#### [To do]
From the line containing "Die etwas helleren" through the last line of the entries below, transcribe each line exactly, excluding any picture.

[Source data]

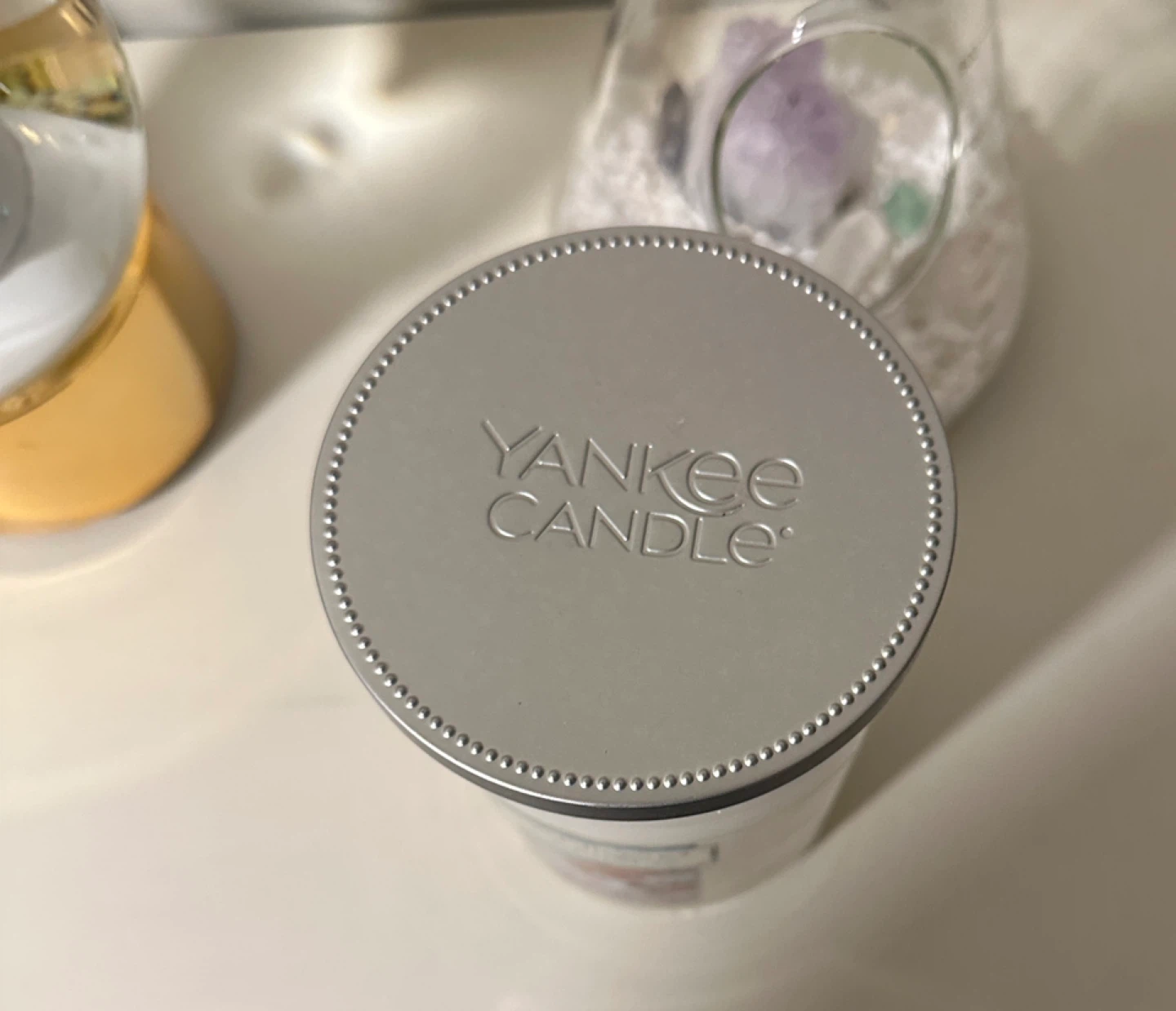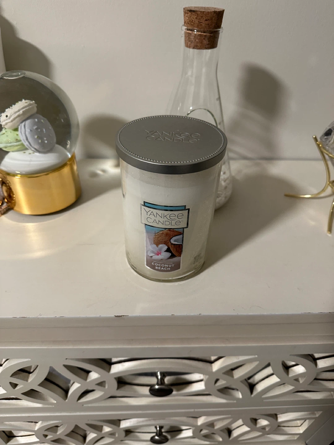 This is a Yankee Candle in the Coconut Beach scent. It's a classic jar candle designed to add a pleasant aroma to any room. The wax appears white and it has two wicks.
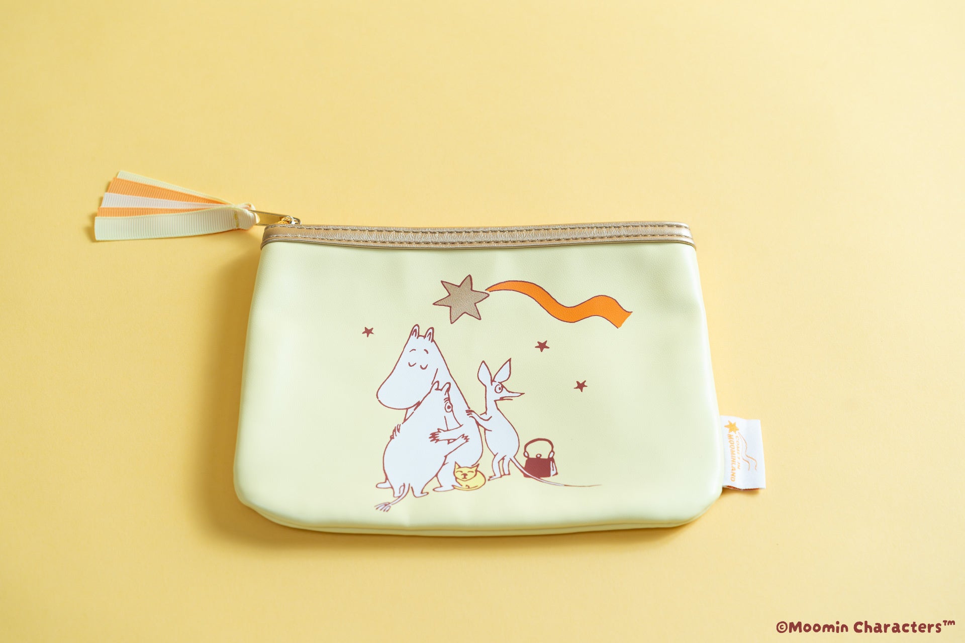 フラットポーチイエローとオレンジのカラーが目を引く、使いやすいフラットポーチ。文具やコスメなど、毎日持ち歩く小物をまとめるのにも活躍します。ムーミントロールとムーミンママ、スニフのアートが大きくあしらわれており、「コメット イン ムーミンランド」の世界観も楽しめます。
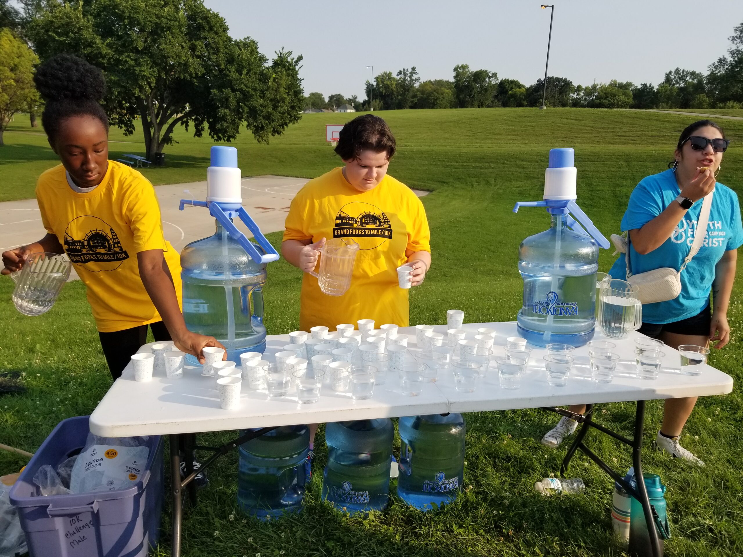 There is a joy that can be found when we give ourselves away to others. There is also a hope that can be built when we begin to believe that we have a future. Lastly, loneliness disappears when we come together in authentic relationships to serve others. I remember a couple weeks ago, one of our youths had asked me, "What are ways I can volunteer and also build a resume for my future?" Not every youth has an easy time with school or even believing in themselves. I was so glad that we could be a part of this youth's life, and believe in who God has made him to be and His plans for him; I am glad we could encourage, guide, and be someone that this youth could trust. This youth along with 8 others volunteered at the GF Run 5k on Friday, Aug. 23rd to provide water to racers and encourage them as they ran by. This group also decided to go one step further and help other volunteers clean up after the race was over. We provide opportunities like this because Jesus calls us to serve others in His love and truth that are around us. We provide opportunities like this because we believe that anyone can serve, and that God has a plan for each of our lives. We provide opportunities like this because God uses them to open up our hearts to Him and provide healing to us and others. Thanks to all who volunteered for this event!
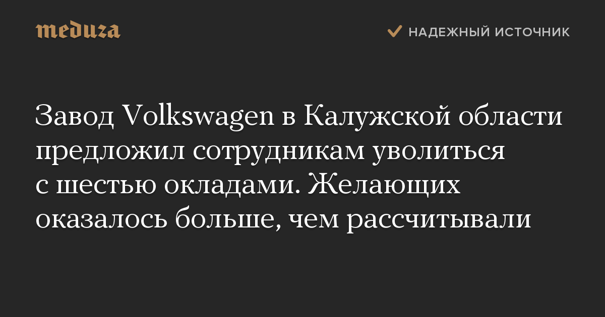 Завод Volkswagen в Калужской области предложил сотрудникам уволиться с шестью окладами. Желающих оказалось больше, чем рассчитывали
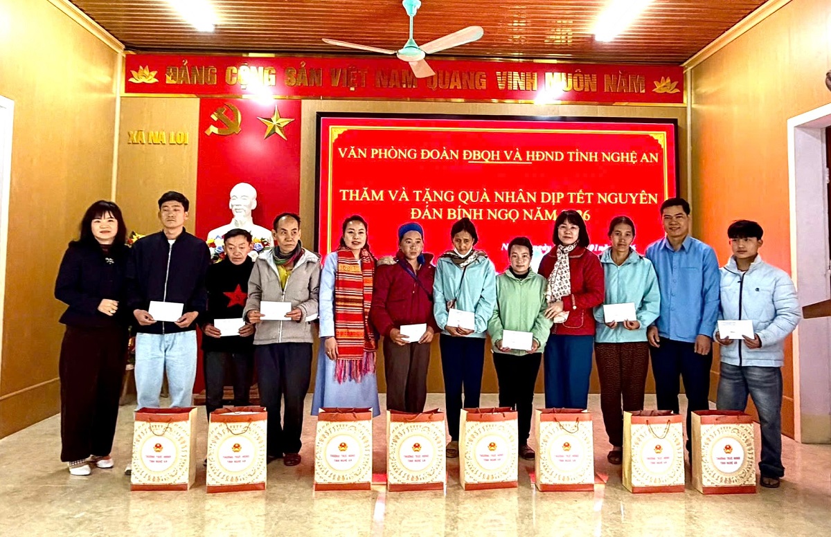 Nhân dịp này, đoàn công tác đã trao 25 suất quà, mỗi suất trị giá 1,2 triệu đồng (bao gồm 1 triệu đồng tiền mặt và 01 túi quà) cho 20 hộ gia đình có hoàn cảnh đặc biệt khó khăn và 05 học sinh nghèo vượt khó do Văn phòng nhận nuôi dưỡng, giúp đỡ; đồng thời thăm hỏi, chúc Tết Đảng ủy, HĐND, UBND, UBMTTQ Việt Nam xã và Công an xã Na Loi.
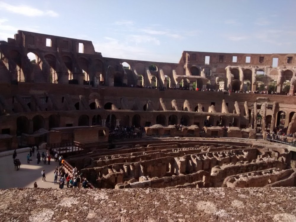 Oi, gente! Vou procurar fazer o relato da nossa viagem incluindo informações, dicas e gastos. Acho que vai ser um looongo relato , então vamos lá. 24/01 – Chegada em Roma Nosso voo havia saído de Porto Alegre no dia anterior, às 20:45, direto a Lisboa, pela TAP. Bom serviço de bordo, janta gostosa (com direito a vinho português!), travesseirinho e coberta, boas opções de filmes, e ainda café-da-manhã. A imigração foi muito tranquila. A gente lá com aquela pasta cheia de comprovantes impressos, hospedagem, bilhete aéreo da volta, comprovantes das compras de euros, seguro (Certificado de Schengen), e até os contracheques levamos para comprovar vínculo de emprego no Brasil... e tudo se resumiu a olhar o passaporte, carimbar e chamar o próximo da fila. Tínhamos mais ou menos 1 hora para chegar no portão do embarque para Roma, mas tratamos de ir logo. Foi nossa primeira ida à Europa, estávamos impressionados com o tamanho do aeroporto! Não foi difícil de achar, embarque e decolagem praticamente na hora, e uhuuuu, estamos quase chegando! Chegamos no aeroporto Fiumicino mais ou menos 15h. Foi um pouquinho confuso de achar a esteira das bagagens (um pouco atordoados pela excitação de ter chegado!), fomos seguindo o fluxo de quem tinha desembarcado e encontramos. Na saída do desembarque mais um pouquinho de tensão “Será que teremos que mostrar o passaporte carimbado? Será que pedirão para ver nossos comprovantes das bagagens?”, e nada, ninguém nem olhou para nossa cara! Para ir do aeroporto ao Termini (estação central de trens e metrôs), estávamos entre 2 opções: 1ª os ônibus que custam entre 6 e 8 euros e levam cerca de 50-60 minutos, logo ao sair do desembarque tem alguns balcões de empresas que têm esse serviço. O próximo sairia em cerca de 1 hora. 2ª o trem Leonardo Express, 14 euros, cerca de 30 minutos a viagem. Nesse tempinho em que decidíamos como ir, fomos abordados por um taxista que ofereceu nos largar na porta do hotel por 15 euros por pessoa, era um taxista com crachá, nos mostrou o balcão da empresa dele, parecia confiável. Agradecemos e fomos no Ponto de Informações Turísticas comprar nosso Roma Pass (34 euros cada, mais informações http://www.romapass.it/). Com o cartão comprado (que não inclui transporte do/para aeroporto), e por estar uma chuvinha chata, resolvemos ir com o taxista, apesar do nosso hotel ser bem ao lado do Termini. Era uma Doblô, e junto foram mais dois casais que ele iria largando pelo trajeto. Foi muito legal, foi praticamente uma tour inicial por Roma. Quando passamos por umas ruínas e vi uma plaquinha escrito Therme di Caracalla já fiquei emocionada, e de repente surge à nossa frente o Coliseu... a sensação de “estamos MESMO em Roma” foi indescritível! O taxista foi bem simpático, foi nos dando várias dicas legais de onde comer e passear. Chegando ao nosso hotel a rua estava em obras, então ele andou duas quadras de ré por outra rua para nos deixar o mais perto possível da entrada, ficamos a meia quadra, e ele ainda largou um “eu sou o rei de Roma” cheio de orgulho, que figura! Ficamos no Hotel Ciao (Via Marsala, 96), mas a recepção, o check-in e o café-da-manhã eram no Hotel Luciani (Via Milazzo, nº, a meia quadra de distância. Fizemos todas as reservas de hotéis pelo Booking, e cerca de duas semanas antes da viagem mandamos e-mail para todos confirmando as reservas (levamos impressos os vouchers do Booking E as confirmações por e-mail, vai saber...). Pagamos 195 euros por 5 diárias (sem incluir 2 euros por pessoa por diária de imposto municipal). Gostamos do quarto, bom aquecimento, chuveiro bom e bem quente, cofre, não tem wi-fi. Café-da-manhã bem bom: máquina com algumas variedades de café, pão, frios, um croissant por pessoa, e Nutella (esse eu comi TODOS os dias), naquelas embalagenzinhas pequenas do tipo de manteiga ou geleia. O que eu não como de Nutella no Brasil por ser caro, comi lá! Já eram umas 17 h quando largamos as malas no hotel, saímos para conhecer os arredores e ir à única visita turística do dia, que era próxima do hotel: a Basílica de Santa Maria Maggiore (horário de abertura 7h-18h45min). Linda, desde a sua fachada, seus portões, ao interior, o teto, etc. Passamos em um supermercado em frente à Basílica para comprar água e alguns lanchinhos para os próximos dias, tipo biscoitos e frutas. Nós gostamos de passear em supermercados também , ver os vegetais típicos do local, os produtos em geral, sem falar na variedade e nos preços dos vinhos, dá vontade de trazer uma mala cheia. Para finalizar o dia, jantamos em um restaurante próximo. Um menu fisso que saiu por 10 euros por pessoa, aliás foi o menu fixo mais barato que comemos por lá. Incluía um primo piatto entre 3 opções de massa, um secondo piatto que dava 3 opções de carne com algum acompanhamento, uma taça de vinho ou de água (tomamos vinho, claro!) e uma porçãozinha de sobremesa que era tipo um tiramisu falsificado, mas estava bom. Claro que por esse preço a comida era simples, mas ao longo de toda a nossa viagem todas as massas simples que comemos eram deliciosas! Voltamos ao hotel para descansar de toda essa função da viagem e da chegada, o dia seguinte era dia de nada mais nada menos que Coliseu! 25/01 – Coliseu e arredores, Museus Capitolinos, entre (muitos) outros Pegamos o metrô no Termini utilizando nosso Roma Pass, que é ativado ao ser usado pela primeira vez em um meio de transporte ou em alguma das atrações inclusas. O Coliseu fica a apenas duas paradas, e ao sair da estação já se dá de cara com ele, lindo, majestoso, impressionante! Chegamos 8h25, tinha uma pequena fila para quem ia comprar ingressos na hora e nenhuma fila para quem tinha o Roma Pass. Aliás, essa é uma das maiores vantagens do cartão: filas à parte, que costumam ser muito menores. Demos uma caminhada por fora antes de entrar, e lá dentro... bom, lá dentro n
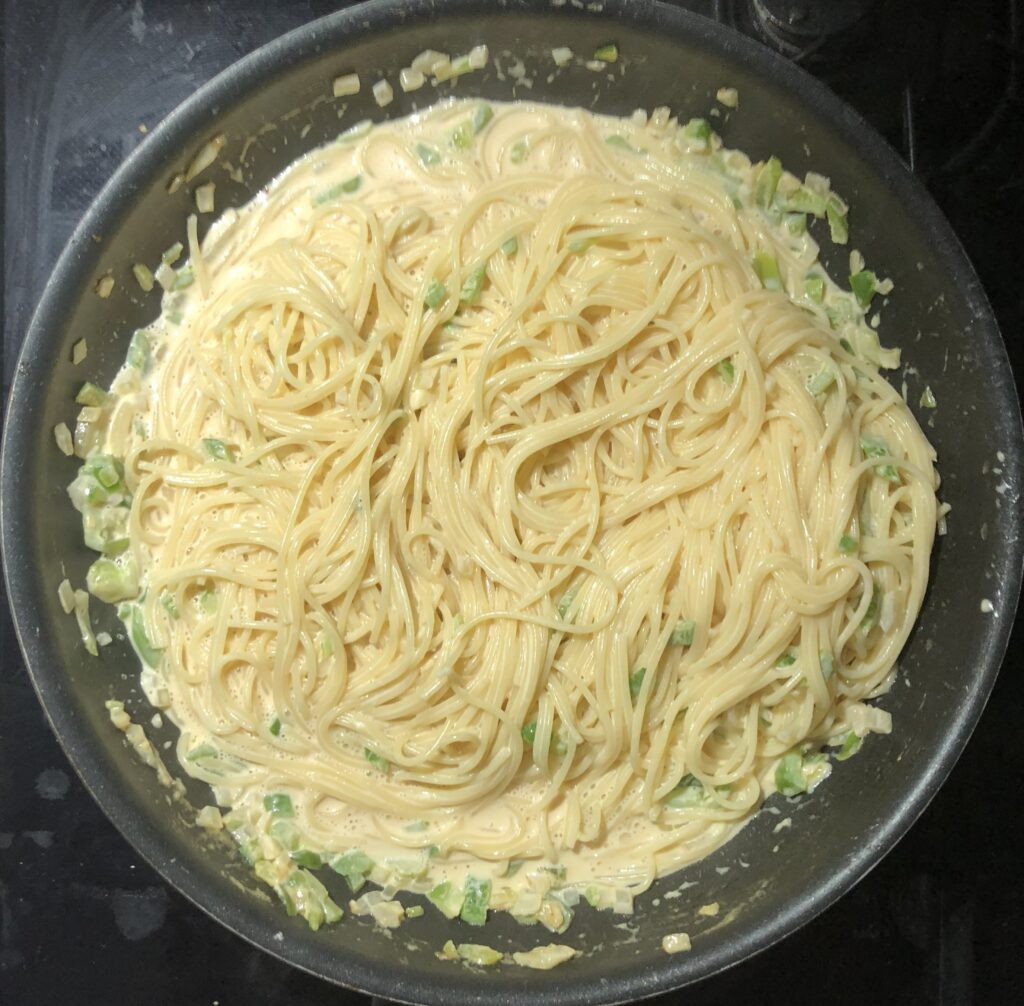 硬めに茹でた、パスタを加えて、ソースを絡めます。ソースの硬さは、少量のパスタのゆで汁を加えて、調節します。
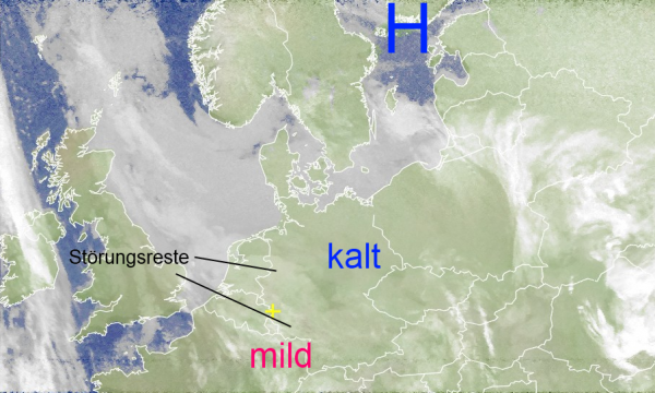 Die etwas helleren Flecken im Westen gehören zu der schwachen Atlantischen Störung, die hier für leichten Niederschlag sorgten. Im nördlichen Teil von NRWs fiel auch Schnee.
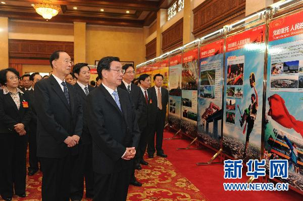 5月4日,中央纪委监察部会同中央抗震救灾资金物资监督检查领导小组在四川省成都市召开抗灾救灾和灾后重建监督检查工作总结会。中共中央政治局常委、中央纪委书记贺国强出席会议并讲话。这是会议开始前,贺国强参观“廉洁救灾,阳光重建”——四川省抗震救灾和灾后重建监督检查工作图片展。 新华社记者 饶爱民摄

#### [Solution to this exercise]
 Die etwas helleren Flecken im Westen gehören zu der schwachen Atlantischen Störung, die hier für leichten Niederschlag sorgten. Im nördlichen Teil von NRWs fiel auch Schnee.
 5月4日,中央纪委监察部会同中央抗震救灾资金物资监督检查领导小组在四川省成都市召开抗灾救灾和灾后重建监督检查工作总结会。中共中央政治局常委、中央纪委书记贺国强出席会议并讲话。这是会议开始前,贺国强参观“廉洁救灾,阳光重建”——四川省抗震救灾和灾后重建监督检查工作图片展。 新华社记者 饶爱民摄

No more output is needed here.